完全分布式模式的还需要修改conf/regionservers. 在 Section 2.7.1.2, “regionservers” 列出了你希望运行的全部 HRegionServer,一行写一个host (就像Hadoop里面的 slaves 一样). 列在这里的server会随着集群的启动而启动,集群的停止而停止.

2.2.2.2.2. ZooKeeper 和 HBase

 

2.2.2.2.3. HDFS客户端配置

如果你希望Hadoop集群上做HDFS 客户端配置 ,例如你的HDFS客户端的配置和服务端的不一样。按照如下的方法配置,HBase就能看到你的配置信息:

  • hbase-env.sh里将HBASE_CLASSPATH环境变量加上HADOOP_CONF_DIR 。

  • ${HBASE_HOME}/conf下面加一个 hdfs-site.xml (或者 hadoop-site.xml) ,最好是软连接

  • 如果你的HDFS客户端的配置不多的话,你可以把这些加到 hbase-site.xml上面.

例如HDFS的配置 dfs.replication.你希望复制5份,而不是默认的3份。如果你不照上面的做的话,HBase只会复制3份。

2.2.3. 运行和确认你的安装

首先确认你的HDFS是运行着的。你可以运行HADOOP_HOME中的 bin/start-hdfs.sh 来启动HDFS.你可以通过put命令来测试放一个文件,然后有get命令来读这个文件。通常情况下HBase是不会运行mapreduce的。所以比不需要检查这些。

如果你自己管理ZooKeeper集群,你需要确认它是运行着的。如果是HBase托管,ZoopKeeper会随HBase启动。

用如下命令启动HBase:

bin/start-hbase.sh
这个脚本在 HBASE_HOME目录里面。

你现在已经启动HBase了。HBase把log记在 logs 子目录里面. 当HBase启动出问题的时候,可以看看Log.

HBase也有一个界面,上面会列出重要的属性。默认是在Master的60010端口上H (HBase RegionServers 会默认绑定 60020端口,在端口60030上有一个展示信息的界面 ).如果Master运行在 master.example.org,端口是默认的话,你可以用浏览器在 http://master.example.org:60010看到主界面. .

一旦HBase启动,参见Section 1.2.3, “Shell 练习”可以看到如何建表,插入数据,scan你的表,还有disable这个表,最后把它删掉。

可以在HBase Shell停止HBase

$ ./bin/stop-hbase.sh
stopping hbase...............

停止操作需要一些时间,你的集群越大,停的时间可能会越长。如果你正在运行一个分布式的操作,要确认在HBase彻底停止之前,Hadoop不能停.



 

2.3. 配置文件

 

HBase的配置系统和Hadoop一样。在conf/hbase-env.sh配置系统的部署信息和环境变量。 -- 这个配置会被启动shell使用 -- 然后在XML文件里配置信息,覆盖默认的配置。告知HBase使用什么目录地址,ZooKeeper的位置等等信息。 [10] .

当你使用分布式模式的时间,当你编辑完一个文件之后,记得要把这个文件复制到整个集群的conf 目录下。

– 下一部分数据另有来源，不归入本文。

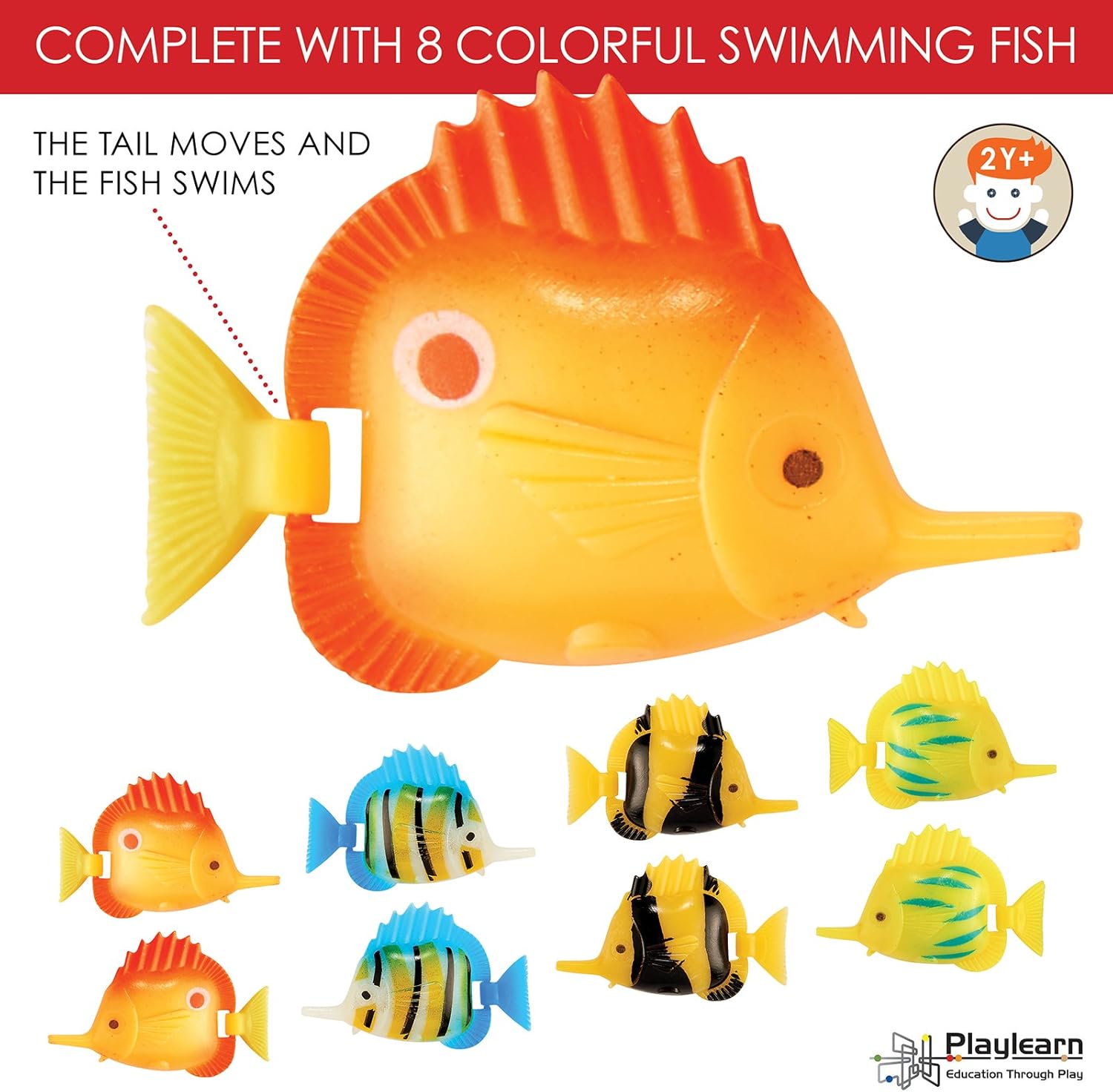 LED lights change bubble colors and pretend fish bob in the tank, as the pump hums gently. This combination stimulates the senses, The soft “buzz” sound can function as a sound machine to help your child relax and go to sleep. Watching the fish & bubbles float has a soothing, calming effect, particularly for autistic children.

HBase不会帮你做这些,你得用 rsync.

2.3.1. hbase-site.xml 和 hbase-default.xml

正如Hadoop放置HDFS的配置文件hdfs-site.xml,HBase的配置文件是 conf/hbase-site.xml. 你可以在 Section 2.3.1.1, “HBase 默认配置”找到配置的属性列表。你也可以看有代码里面的hbase-default.xml文件,他在src/main/resources目录下。

不是所有的配置都在 hbase-default.xml出现.只要改了代码,配置就有可能改变,所以唯一了解这些被改过的配置的办法是读源代码本身。

要注意的是,要重启集群才能是配置生效。

2.3.1.1. HBase 默认配置

HBase 默认配置

该文档是用hbase默认配置文件生成的,文件源是 hbase-default.xml

hbase.rootdir

这个目录是region server的共享目录,用来持久化HBase。URL需要是'完全正确'的,还要包含文件系统的scheme。例如,要表示hdfs中的'/hbase'目录,namenode 运行在namenode.example.org的9090端口。则需要设置为hdfs://namenode.example.org:9000/hbase。默认情况下HBase是写到/tmp的。不改这个配置,数据会在重启的时候丢失。

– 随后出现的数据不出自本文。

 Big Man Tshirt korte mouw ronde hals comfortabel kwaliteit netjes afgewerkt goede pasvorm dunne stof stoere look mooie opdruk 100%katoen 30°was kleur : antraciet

默认: file:///tmp/hbase-${user.name}/hbase

hbase.master.port

HBase的Master的端口.

默认: 60000

hbase.cluster.distributed

HBase的运行模式。false是单机模式,true是分布式模式。若为false,HBase和Zookeeper会运行在同一个JVM里面。

默认: false

hbase.tmp.dir

本地文件系统的临时文件夹。可以修改到一个更为持久的目录上。(/tmp会在重启时清楚)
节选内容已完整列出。